(THE DATA begins)
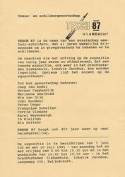 Tekst van de uitnodigingskaart voor de tweede groepsexpositie van Tesch '87
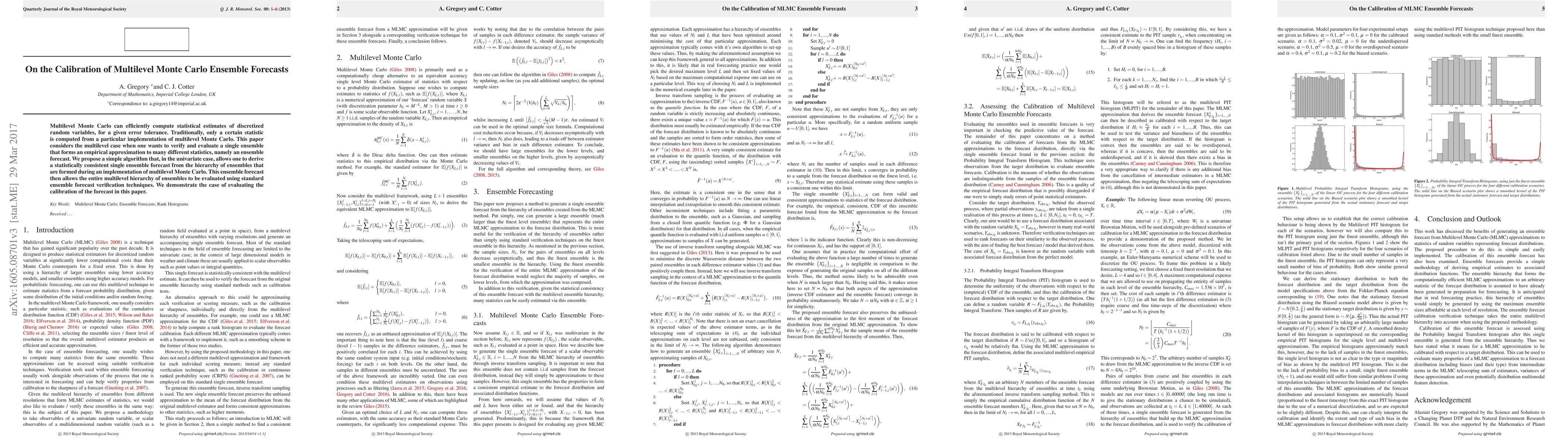 The proposed procedure involves generating an ensemble forecast from Multilevel Monte Carlo (MLMC) approximations of statistics representing forecast distributions.
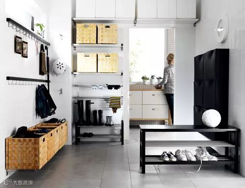 临出门时必定经过的门厅是放置鞋子、包包、配件等物品的地方,也可在换季时将这些物品收纳在此,只需在墙壁的空白处或者门上方打造几个搁板,利用合适尺寸的收纳盒,就能在这里完成门厅的换季。
(THE DATA ends)
WORK REQUEST> Copy all of the listing word for word, minus the images.

RESPONSE FOR THIS EXERCISE>
 Tekst van de uitnodigingskaart voor de tweede groepsexpositie van Tesch '87
 The proposed procedure involves generating an ensemble forecast from Multilevel Monte Carlo (MLMC) approximations of statistics representing forecast distributions.
 临出门时必定经过的门厅是放置鞋子、包包、配件等物品的地方,也可在换季时将这些物品收纳在此,只需在墙壁的空白处或者门上方打造几个搁板,利用合适尺寸的收纳盒,就能在这里完成门厅的换季。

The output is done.